**What is being asked**
Copy the records below exactly, starting at the line that contains "Estreia neste domingo" and ending at the line that contains "Family Conflict Treatment"; leave out any pictures.

── Extracted information ──

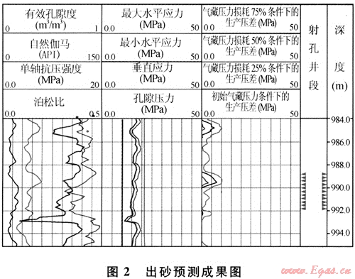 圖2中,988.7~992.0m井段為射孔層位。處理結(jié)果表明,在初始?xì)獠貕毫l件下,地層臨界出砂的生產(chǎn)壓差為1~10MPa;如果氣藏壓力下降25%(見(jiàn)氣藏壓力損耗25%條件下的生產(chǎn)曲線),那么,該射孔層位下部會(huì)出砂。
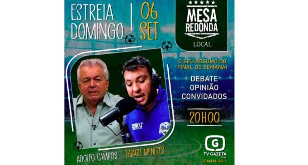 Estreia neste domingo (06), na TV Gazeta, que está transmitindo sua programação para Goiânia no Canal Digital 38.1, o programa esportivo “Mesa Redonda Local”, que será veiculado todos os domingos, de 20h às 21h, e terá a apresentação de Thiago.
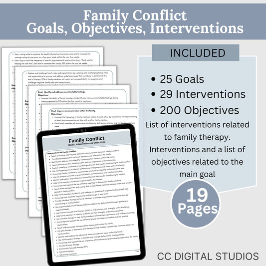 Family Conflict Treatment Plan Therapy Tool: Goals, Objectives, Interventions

───
── Extracted information ──

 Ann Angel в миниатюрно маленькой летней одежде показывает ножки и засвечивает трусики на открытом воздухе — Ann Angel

───
── Extracted information ──

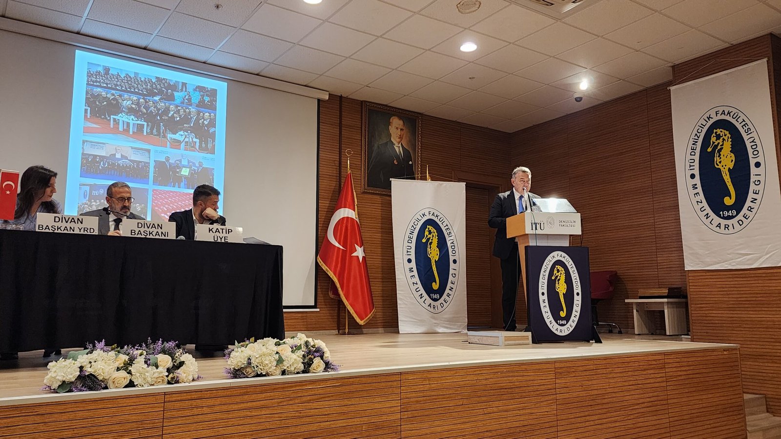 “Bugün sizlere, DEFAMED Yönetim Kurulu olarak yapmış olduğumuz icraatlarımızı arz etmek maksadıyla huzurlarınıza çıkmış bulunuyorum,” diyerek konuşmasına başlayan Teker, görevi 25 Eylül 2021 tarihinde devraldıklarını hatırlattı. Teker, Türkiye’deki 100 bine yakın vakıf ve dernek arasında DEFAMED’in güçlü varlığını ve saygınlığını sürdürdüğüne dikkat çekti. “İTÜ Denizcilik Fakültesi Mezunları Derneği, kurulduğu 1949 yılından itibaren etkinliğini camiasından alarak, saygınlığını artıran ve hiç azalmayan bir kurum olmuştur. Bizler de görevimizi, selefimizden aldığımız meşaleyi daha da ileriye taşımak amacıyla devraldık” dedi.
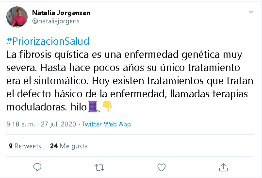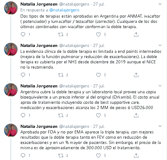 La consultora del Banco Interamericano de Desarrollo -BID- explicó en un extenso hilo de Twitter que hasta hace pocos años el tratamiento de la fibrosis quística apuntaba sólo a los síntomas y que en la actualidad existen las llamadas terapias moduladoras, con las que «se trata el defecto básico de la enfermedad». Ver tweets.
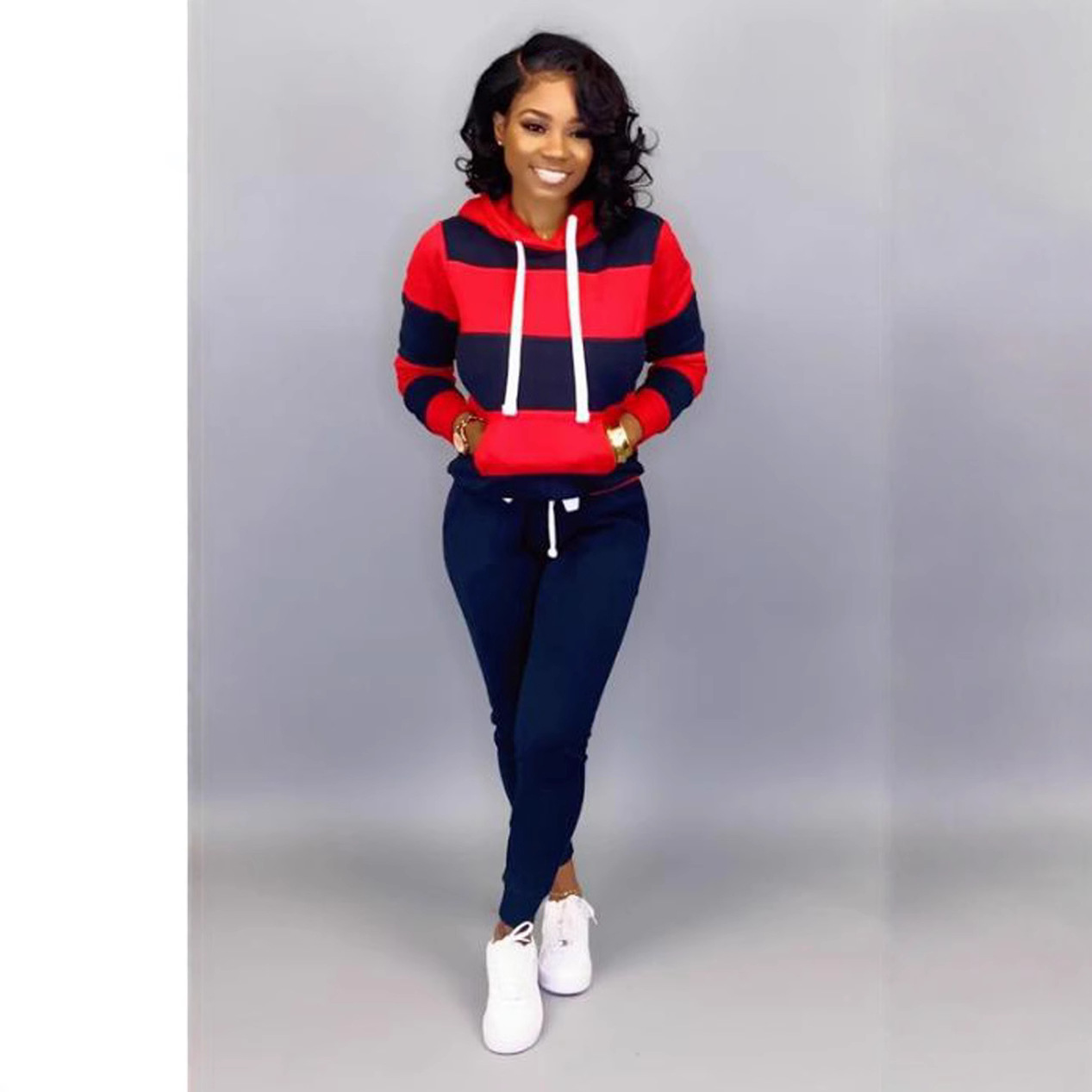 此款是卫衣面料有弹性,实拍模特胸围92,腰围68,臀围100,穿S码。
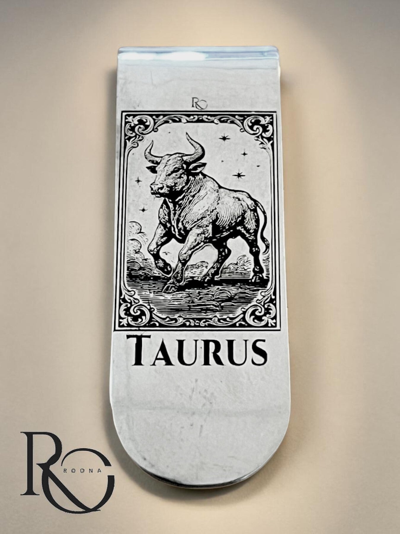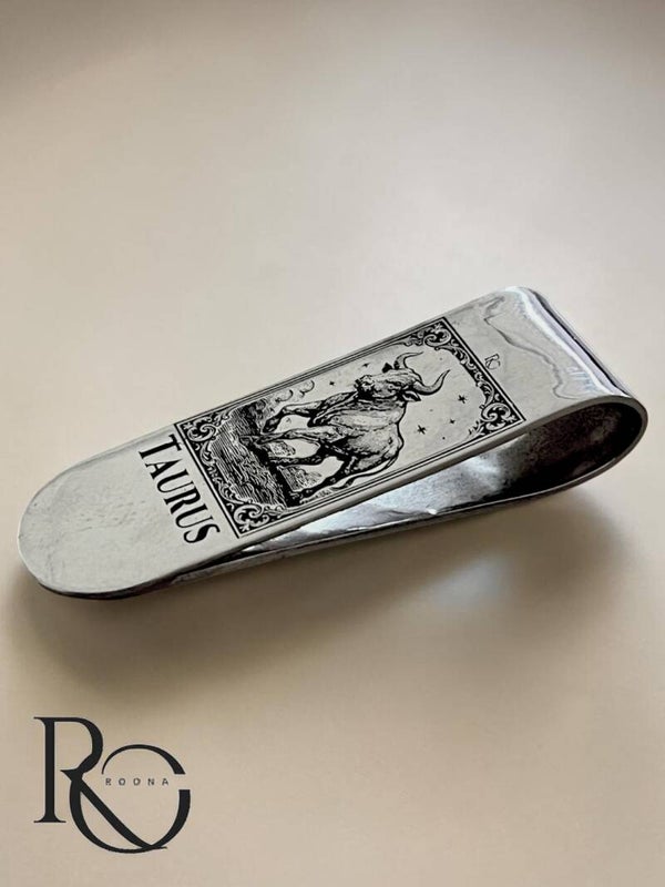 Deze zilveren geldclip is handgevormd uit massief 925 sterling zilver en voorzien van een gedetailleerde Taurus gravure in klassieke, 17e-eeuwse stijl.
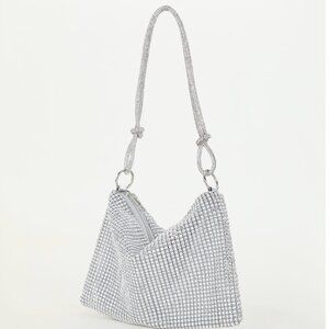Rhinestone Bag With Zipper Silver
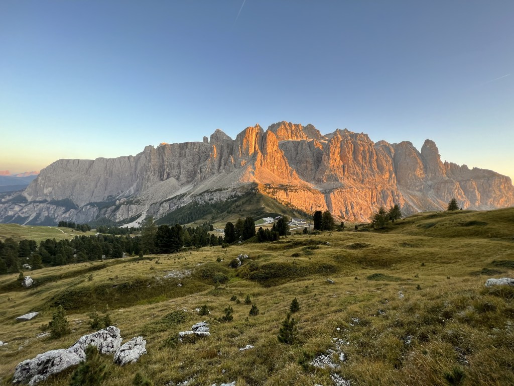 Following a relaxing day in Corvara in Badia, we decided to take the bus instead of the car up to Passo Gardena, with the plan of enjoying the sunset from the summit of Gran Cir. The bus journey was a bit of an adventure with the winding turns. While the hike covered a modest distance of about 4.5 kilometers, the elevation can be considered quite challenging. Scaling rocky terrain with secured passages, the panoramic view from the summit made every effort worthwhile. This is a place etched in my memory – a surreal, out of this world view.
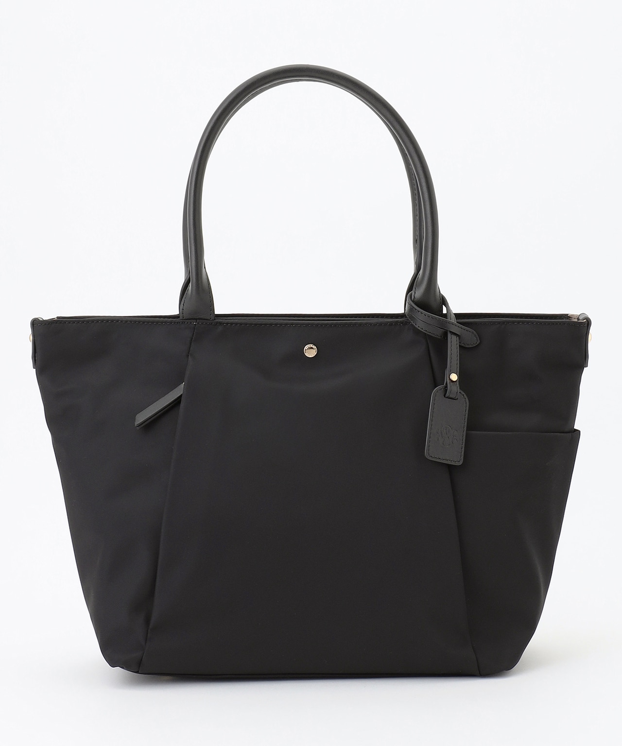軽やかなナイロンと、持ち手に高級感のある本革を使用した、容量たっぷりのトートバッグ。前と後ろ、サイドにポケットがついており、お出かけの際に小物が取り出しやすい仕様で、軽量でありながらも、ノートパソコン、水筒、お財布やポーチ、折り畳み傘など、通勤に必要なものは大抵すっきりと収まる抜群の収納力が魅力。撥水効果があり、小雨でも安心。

───

**Answer to this problem**
 Estreia neste domingo (06), na TV Gazeta, que está transmitindo sua programação para Goiânia no Canal Digital 38.1, o programa esportivo “Mesa Redonda Local”, que será veiculado todos os domingos, de 20h às 21h, e terá a apresentação de Thiago.
 Family Conflict Treatment Plan Therapy Tool: Goals, Objectives, Interventions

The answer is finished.